Well, to make a short story even shorter, I found it without any trouble – and you were kind of hoping I was going to say that I got horribly lost! Huh?
While in that area I decided, mainly because of the map covering that part of the Cape Peninsula, to go up Ou Kaapse weg, past Kommetjie and on to Cape Point and then return via Simonstown, Vishoek and so on – so off I went up ou Kaapse. It was a nice ride even though I was not appropriately dressed – the sun was beginning to toast me.
By the time I got to Camel Rock I was warm indeed so I stopped for a wee bit, just to kick around some wet stones. Then proceeded further, past the tourist magnet where they sell rocks and tree stumps shaped like people and stopped again at the sign saying M4 Simonstown straight and Cape point turn right.
I was not going to Cape Point itself – leave that for the touristy types and the Chagma Baboons.
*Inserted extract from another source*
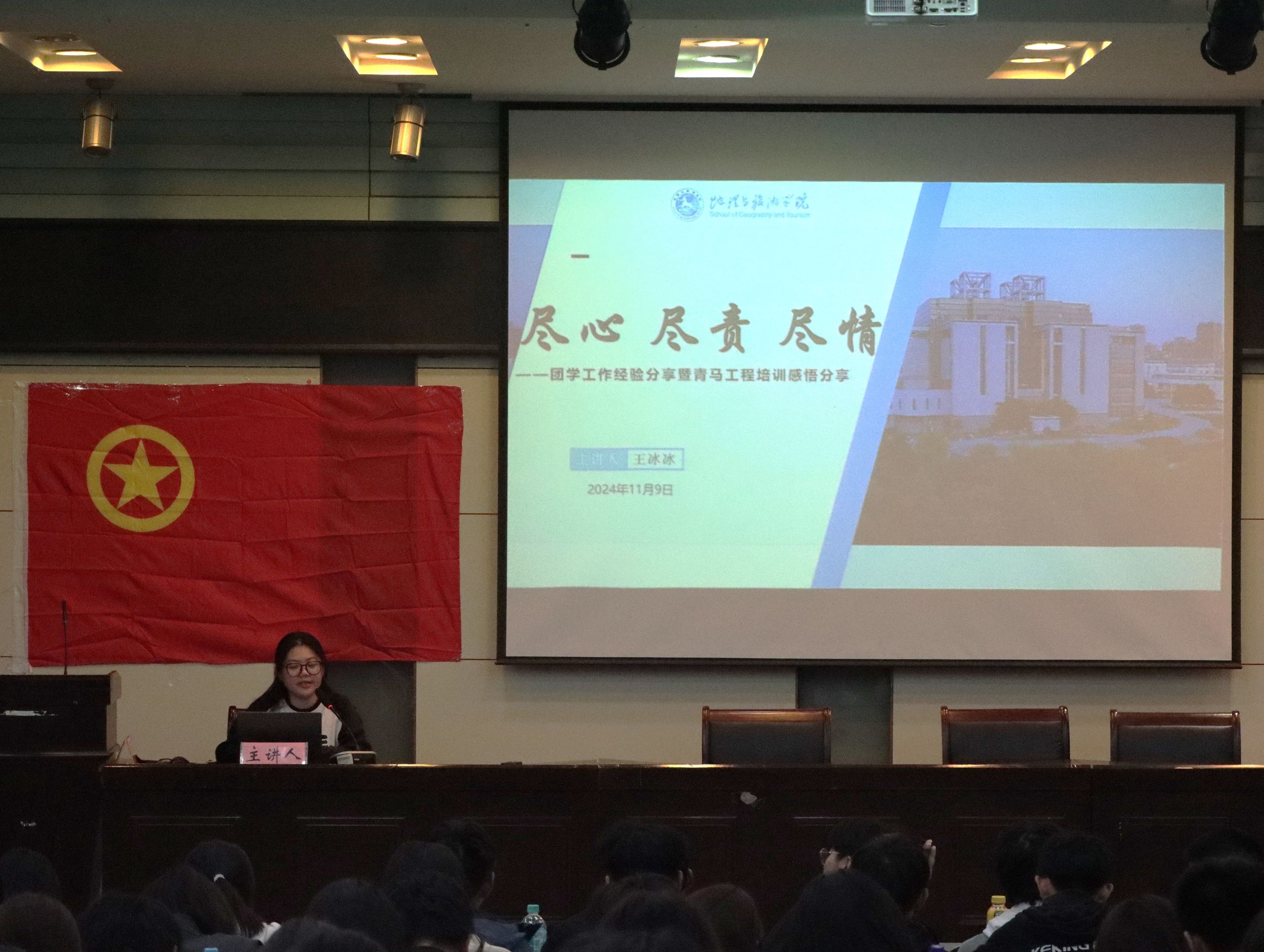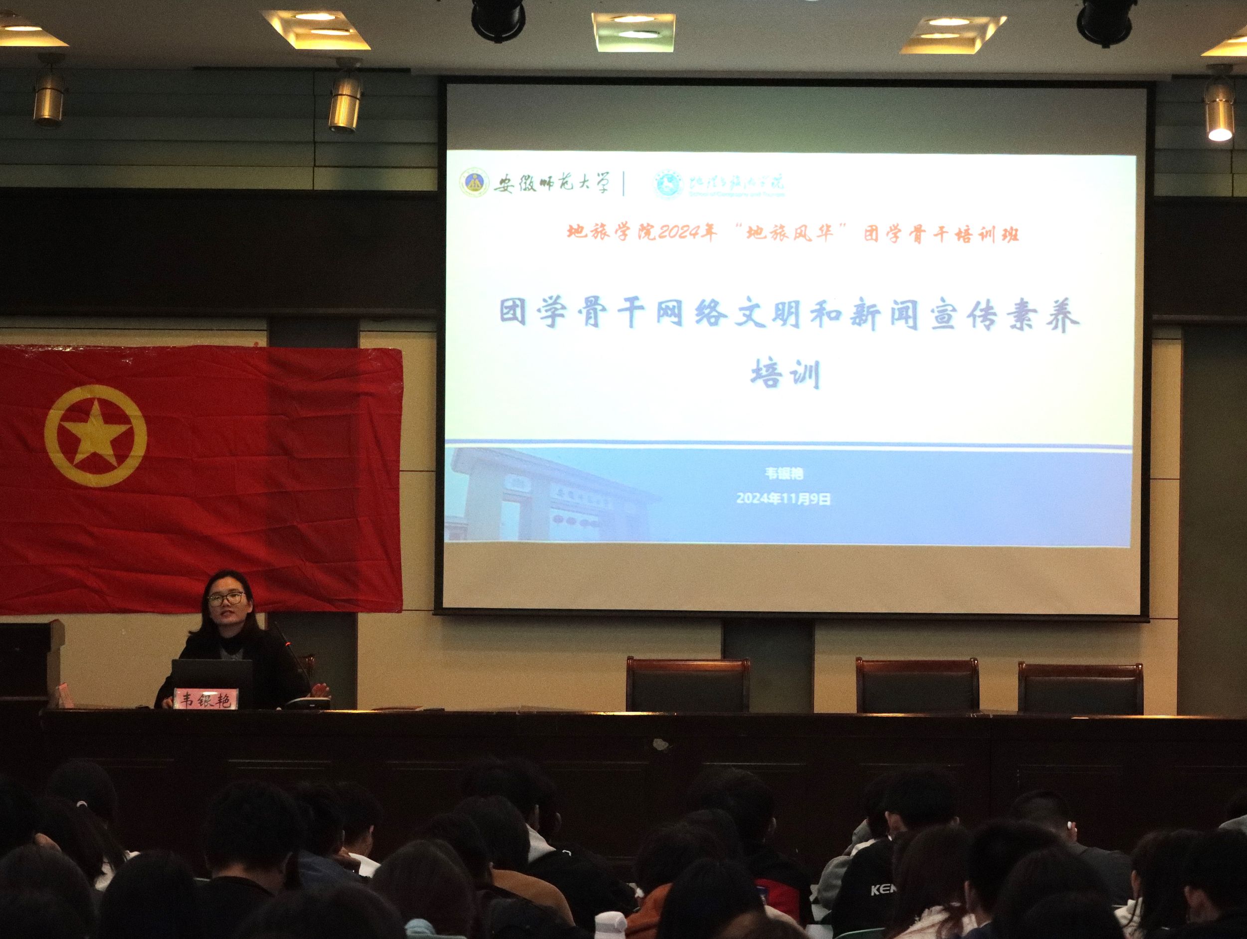 举办了 2024 年“地旅风华”团学骨干培训班。党委副书记付勇、院团委书记韦银艳、院团委副书记吴文涵出席此次开班仪式,院团委、学生会骨干、各班级主要学生骨干代表参与培训学习。

There are apparently two tribes of these baboons one of which was threatened by starvation a while back because there were very few tourists to feed them! They apparently had developed a taste for fast foods! So I went on round to Smitswinkel bay and stopped again around Partridge point for some more photos of scenic beauty. Then on to Castle rocks, Rumbly Bay, Miller’s Point and Stony Beach before entering Simonstown where I had spent two years of my life as an able seaman and a diver. I stopped at the building that used to be the Post Office, which now among other things houses the post office and other touristy shops n things. There I took a walk along the pier and peered at the Simonsberg New Entry Training School. Took me a few months to realize that when they spoke of NETS what they were referring to Duh!
At the pier they have boats – none of which seemed to be in use at that time –and one can hire sea kayaks – not that I could see any at that time. I looked at the Salty Sea Dog restaurant which not too long ago had been a privately run diving school run by Chief Pottie and a certain Harry of the Dilley persuasion. Previously the building had been a public toilet if memory serves me. The school had use of the MV Zest. I remember looking at it when years earlier I was at the Navy Diving School and loving the sound of it’s engines when occasionally it was started. There was no sign of the Zest now – wonder what became of it.
I watched a family of Egyptian geese with little ones paddling in the calm water. From there I went past Glen cairn to Fish Hoek and Kalk bay and then up over Boyes Drive. Here above Muizenberg, with geese on my mind I stopped for a gander at the splendor of False Bay with its long white beach to Strandfontein and beyond.